1) Is US 5,292,515 limited to a specific polymer chemistry?
No. The independent process claim (Claim 1) covers “at least one polymerizable hydrophilic liquid monomer.” A specific polymer is named in Claim 24 as 2-hydroxyethyl methacrylate.

2) What is the most distinctive technical limitation across the device claims?
The sealant plug’s equilibrium water content must be greater than that of the cartridge (Claims 8 and 26).

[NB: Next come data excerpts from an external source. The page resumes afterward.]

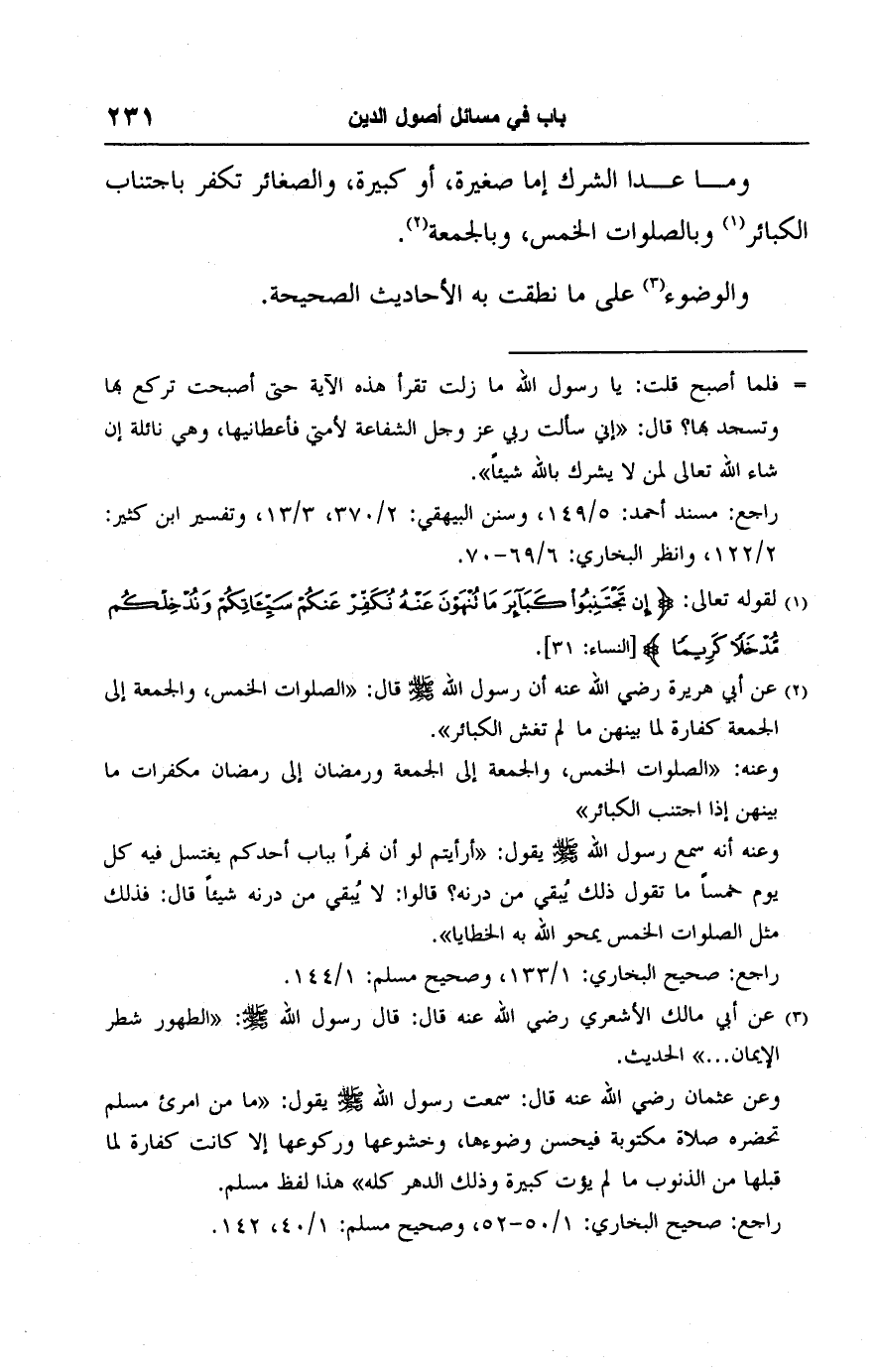 (١) لقوله تعالى: {إِنْ تَجْتَنِبُوا كَبَائِرَ مَا تُنْهَوْنَ عَنْهُ نُكَفِّرْ عَنْكُمْ سَيِّئَاتِكُمْ وَنُدْخِلْكُمْ مُدْخَلًا كَرِيمًا} [النساء: ٣١].
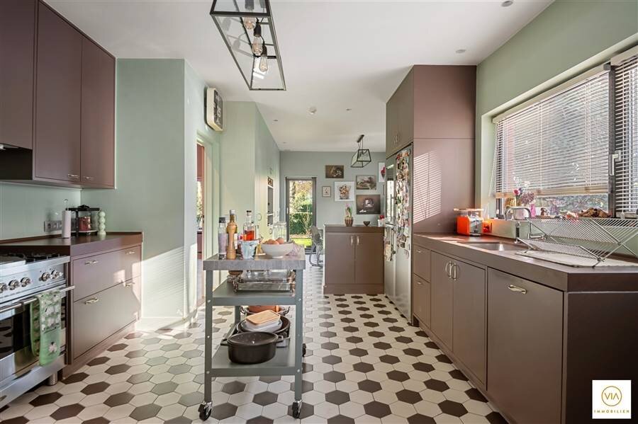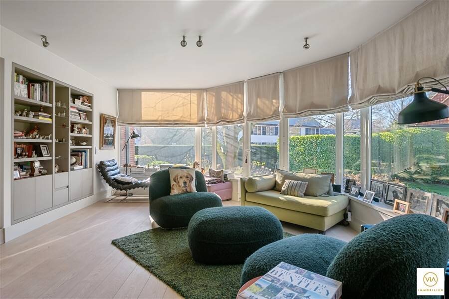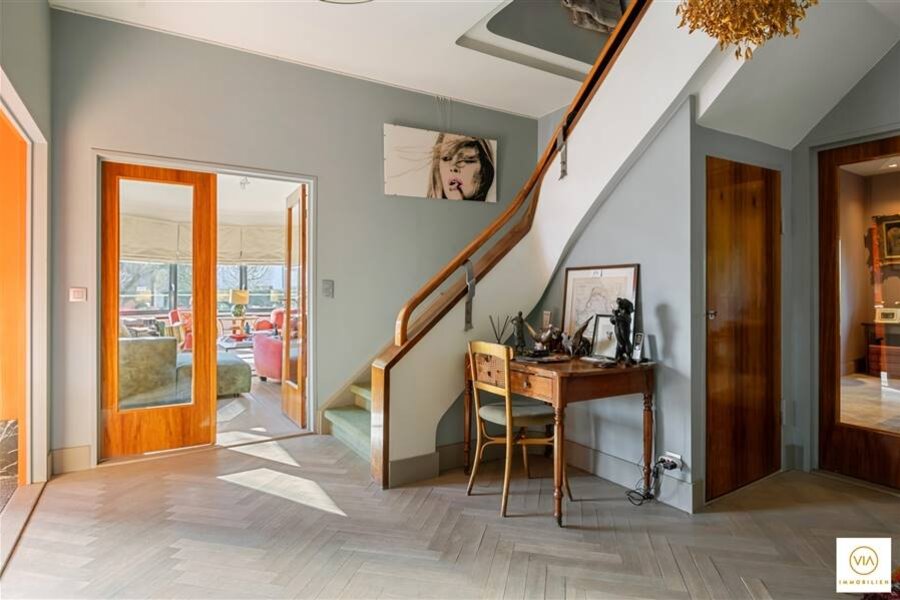 In het hart van Park Den Brandt, vlakbij de invalswegen en het centrum van Antwerpen, treffen we deze sublieme & instapklare Art Déco villa met ca 500m² bew. opp. In 2012 werd de woning met veel zorg stijlvol gerenoveerd met behoud van de mooie elementen met de charme van weleer. De stijlvolle inkomhal met mooie trappenpartij verleent u enerzijds toegang naar een eerste leefgedeelte aan de voorzijde en anderzijds naar de eetkamer met zicht op de tuin en doorgang naar een extra woonruimte met gashaard + acces naar de zonnige tuin. De hele woning is doordrongen van daglicht. De ingerichte eet-en leefkeuken met bijkeuken (+wasplaats) geeft eveneens uit op de tuin en terras. Op de eerste verdieping zijn vier volwaardige & stijvlolle slaapkamers en 2 badkamers met elkaar verbonden via een centrale hal. Een vaste trap brengt ons naar een extra polyvalente ruimte met 5de slaapkamer en nog een extra doucheruimte. De kelderverdieping wordt thans als showroom gebruikt en kan voor verschillende doeleinden gebruikt worden. Carport achteraan. Zeer stijlvolle en volledig gerenoveerde villa met hedendaagse inrichting en comfortniveau. De totaalrenovatie omvat alle vloeren (parket), badkamers, keuken, ramen, elektriciteitsinstallatie en loodgieterij + nazicht en isolatie van de daken + gevels. Prima gelegen in de residentiële parkomgeving naast de voormalige tennisclub "Den Brandt". Snel beschikbaar!
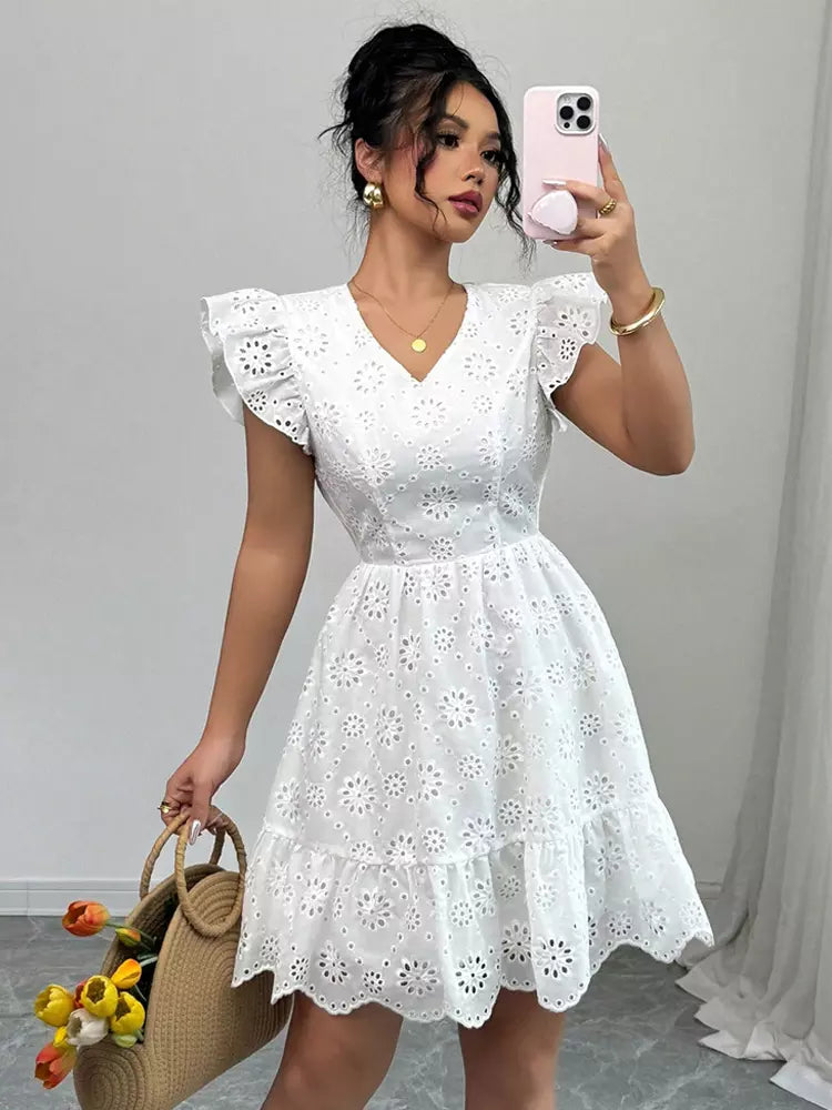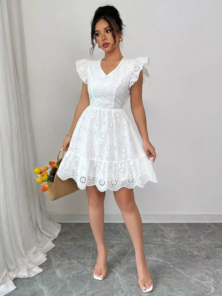 Enveloppez-vous de romance et de légèreté avec notre robe Céleste. Sa coupe délicate, sublimée par une broderie anglaise raffinée et des manches papillon aériennes, épouse votre silhouette avec une grâce infinie. Vous ne portez pas une simple robe, vous incarnez la douceur d'une parfaite journée d'été.
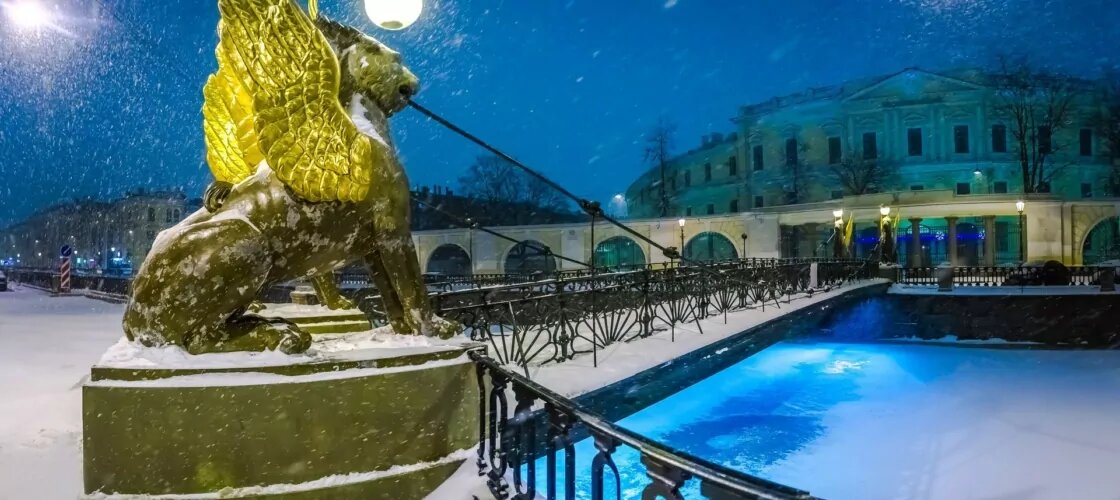 Описание Банковского моста Один из красивейших мостов Санкт-Петербурга обладает небольшими размерами: имеет один пролёт длиной — 25,2 м, шириной — 1,85 м. Его металлическое основание покрыто поперечными досками. Пролётное строение представляет собой сваренные из швеллеров две коробчатые балки, объединённые поперечными и продольными связями. В роли пилонов выступают чугунные рамы, перед которыми располагаются скульптуры крылатых львов. Восседающие на постаментах из чугуна изваяния служат не просто украшением моста — они маскируют цепи, прикреплённые к чугунным каркасам. Последние, в свою очередь, выходя из пасти животных, другим концом находятся в фундаменте под пьедесталами львов. Таким образом создаётся впечатление, что именно могучие львы удерживают мост зубами. Перила изготовлены из кованого железа, украшенного рисунком. Скульптуры Банковского моста Статуи крылатых львов, выполненные П. П. Соколовым, представляют собой несравненные образцы монументальной ампирной скульпт
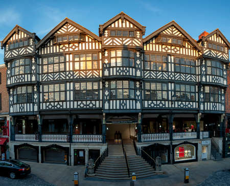 CHESTER, UNITED KINGDOM, APRIL 7, 2017: Sunset view of traditional tudor houses alongside the Eastgate street in the central Chester, England
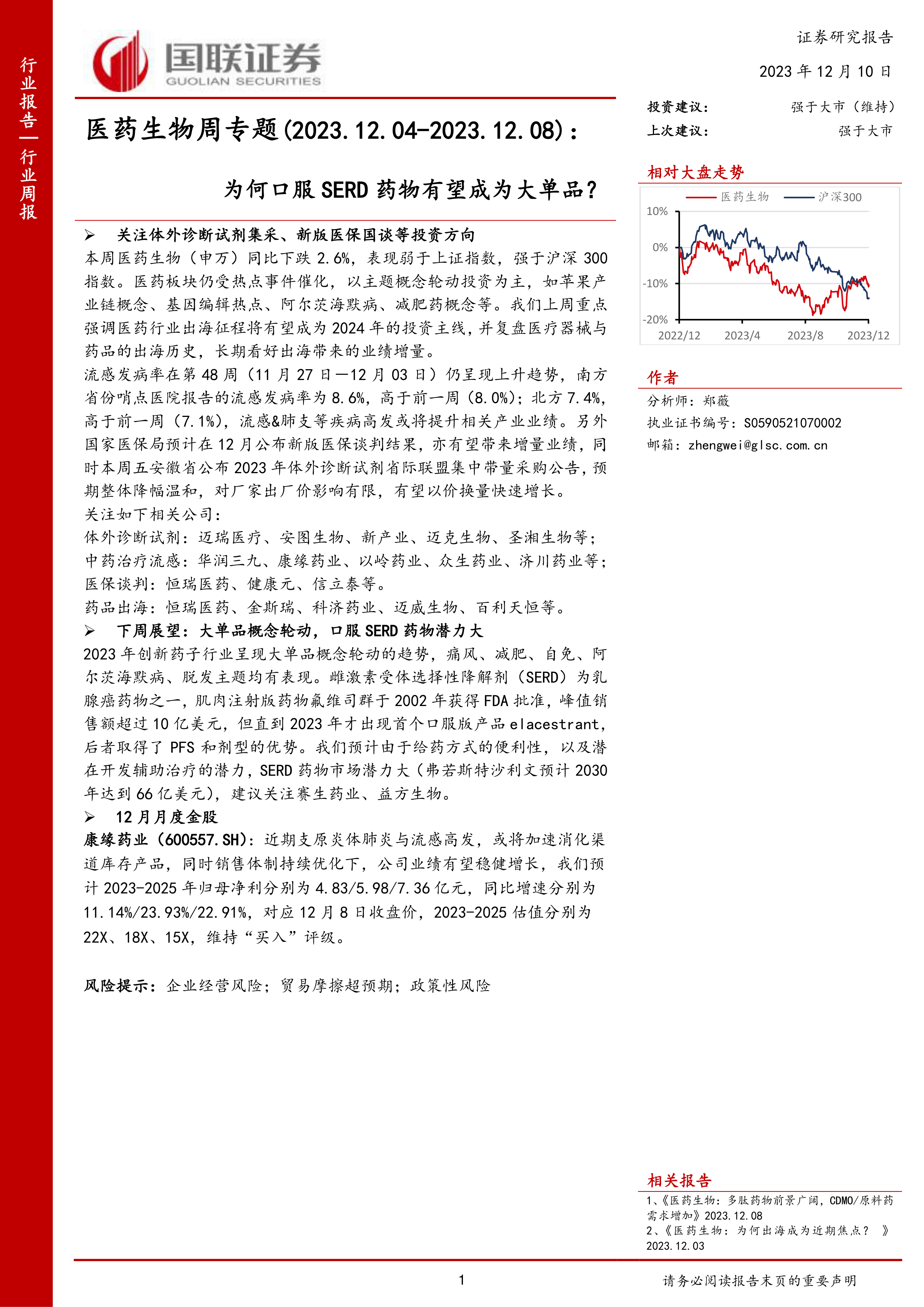本报告分析了医药生物板块的近期行情,指出其投资策略应以主题概念轮动为主,并重点关注口服SERD药物这一潜在的大单品市场。报告还分析了SERD药物的市场规模、开发壁垒以及国内外研发进展,并对体外诊断试剂集采、新版医保国谈等政策进行了解读。最后,报告推荐了康缘药业作为12月月度金股,并提示了企业经营风险、贸易摩擦和政策性风险等潜在风险。 报告数据主要来源于公开资料,仅供参考,不构成投资建议。
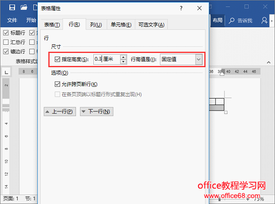 ![]() (3)再次单击鼠标右键,在弹出的快捷菜单中选择“表格属性”命令,在打开的对话框中选择“行”选项卡,勾选“指定高度”复选框,设置高度为“0.3厘米”,“行高值”设置为“固定值”,然后点击“确定”按钮。
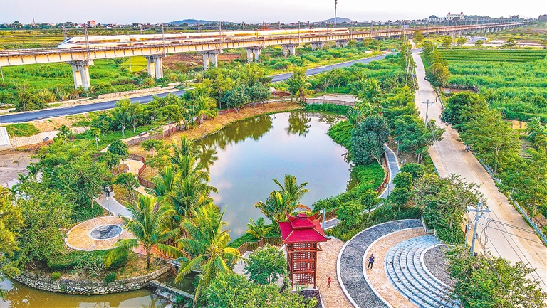 近日,在昌江黎族自治县乌烈镇道隆村乡村公园,一列动车从旁边飞驶而过。近年来,海南加快环岛高铁沿线环境整治和景观建设,居民游客出行目之所及多为美景。 本报记者 陈元才
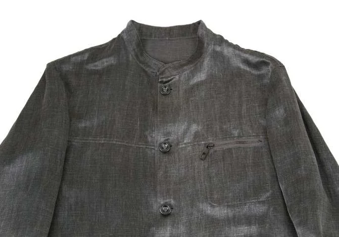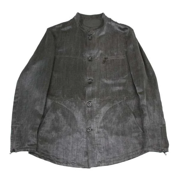 【SALE】黒タグ ジョルジオ アルマーニGIORGIO ARMANI BORGO21 リネンシルクスタンドカラージャケット シルバー52
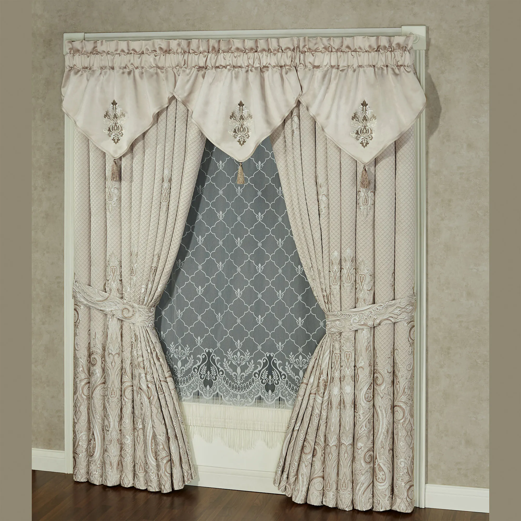 Lose yourself among the undulating medallions of the Lunata Window Treatment. The polyester window treatment has 3" rod pockets. Specify Ascot Valance or Wide Curtain Pair. Each Ascot Valance is sand with an embroidered medallion and a tassel on the end. The lined Wide Curtain Pair has tailored edges. Jacquard-woven curtains feature a sand diamond latticework ground embellished with sprawling almond and ivory scrollwork medallions and cascading miniature medallions. Tiebacks are included. Dry clean only. Imported. The curtain pair width is the total width of two panels together.
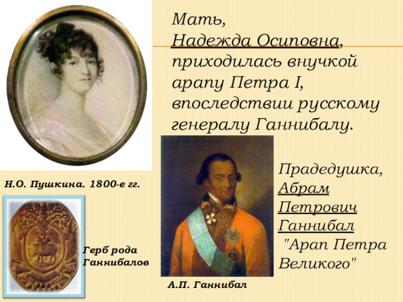 Надежда Осиповна, приходилась внучкой арапу Петра I, впоследствии русскому генералу
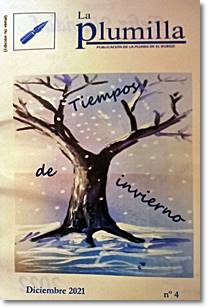 La plumilla es una publicación de La pluma de El Burgo. En este número escriben autores que desde el inicio de las distintas publicaciones alrededor de La pluma, han estado presentes deleitando con sus relatos y poesías a todos aquellos que nos acercamos: Julio Pina, Alfonso Bengoechea, Javier Nicolás, Carlos Robredo, Teresa Frías, Pedro Navazo y dos más de reciente incorporación: Guadalupe Viola y Ángel Cuesta. Puede leerse también una crítica literaria, escrita por Blanca López, sobre el Premio Planeta 2021 “Últimos días en Berlín”, de Paloma Sánchez Garnica. Reproducimos una estrofa del poeta Carlos Robredo y de su poema 'En una tarde de invierno'

3) Does the patent require the cartridge to be hydrated?
It covers both xerogel and hydrogel states (Claims 6-7, 17-19, 22-23, 29-30), and dependent claims specify hydrated/equilibrium water content states.

4) Do the claims cover implantation procedures and not only polymer structures?
Yes. Claim 36 covers implantation using a hollow needle and perforation, and Claims 41-42 cover a kit with defined ejection mechanics.

5) Do the claims cover macromolecular drug payloads like proteins?
Yes. Dependent claims identify macromolecular compositions up to about 25,000+ MW, including native and recombinant proteins, and examples like LHRH and growth hormone/GHRH polypeptides.

References (APA)

[1] United States Patent and Trademark Office. (n.d.). US Patent 5,292,515.